I store leftovers in the fridge for up to 4 days. This dish actually tastes better the next day as the flavors deepen. To reheat, I warm it in a pot over medium heat, adding a little broth or water if it thickens too much. It also reheats well in the microwave. I freeze portions for up to 3 months — just thaw overnight in the fridge and reheat gently.

FAQs

Can I use canned beans instead of dry?

I prefer dried beans for texture and flavor, but if I’m short on time, I’ve used canned red beans. I drain and rinse them, then reduce the broth and simmer time accordingly.

What’s the best rice to serve with red beans?
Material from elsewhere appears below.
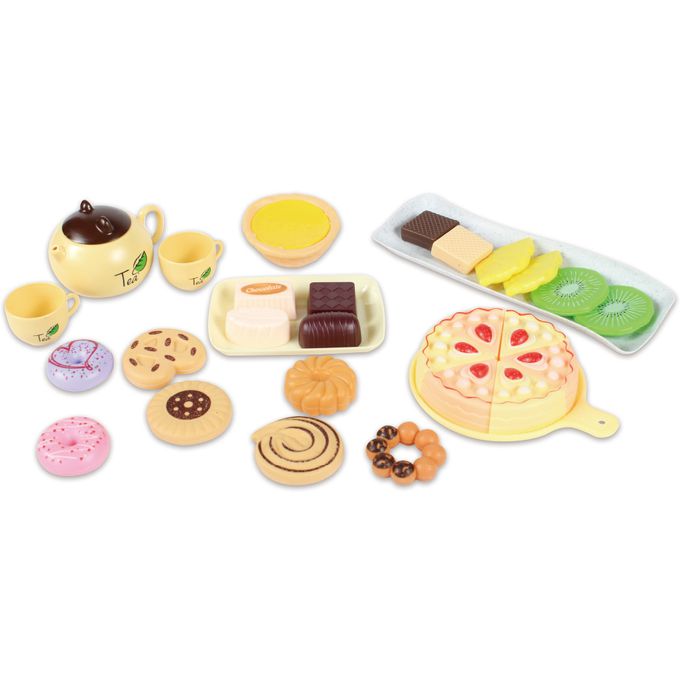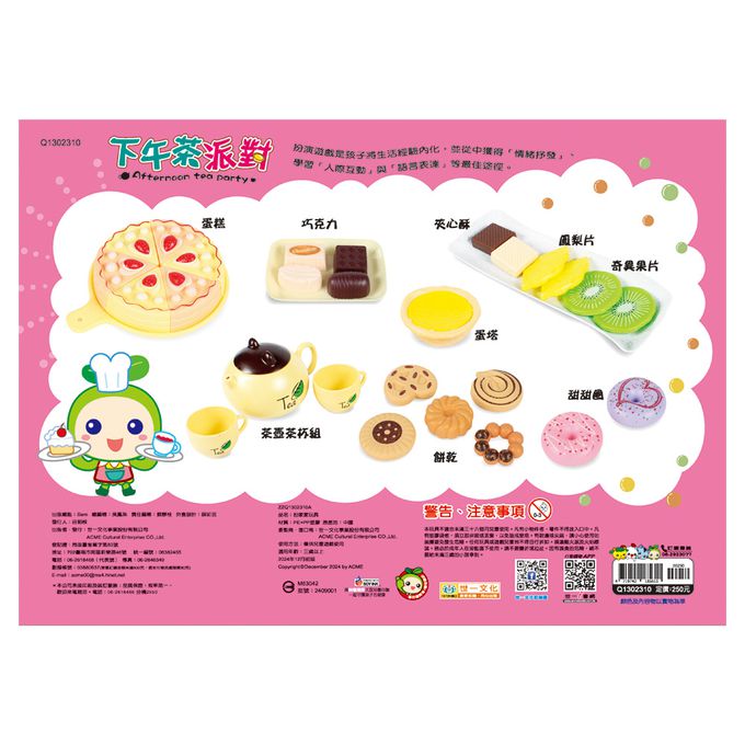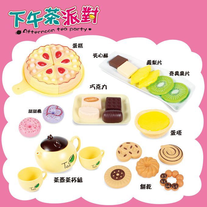 本產品包含茶壺茶杯組,美味的蛋糕,水果切片,各式各樣可口的甜點及餐盤,可以享受扮演樂趣,一起舉辦一場悠閒舒適的下午茶時光.

Long grain white rice is traditional, but I’ve also used brown rice, jasmine, or even cauliflower rice when I want a lighter option.

How do I make it less spicy?

I cut back on the cayenne and use mild sausage. If I’m sensitive to heat, I skip the cayenne altogether and season to taste later.

Can I cook this in a slow cooker?

Yes, after sautéing the sausage and veggies, I transfer everything to a slow cooker and cook on low for 7–8 hours or on high for 4–5 hours.

Why do I mash some of the beans?

Mashing a small portion of the beans thickens the stew naturally without needing cream or flour. It makes the texture heartier and helps it cling to the rice better.

Red Beans and Rice Recipe Conclusion

Red Beans and Rice is one of those timeless recipes that always hits the spot. It’s rich, smoky, filling, and full of soul. Whether I’m making it for Sunday dinner or prepping for the week ahead, it’s a dish that brings comfort and flavor in every bite. With tender beans, savory sausage, and bold seasoning, it’s a meal I always look forward to — especially served over a steaming scoop of rice.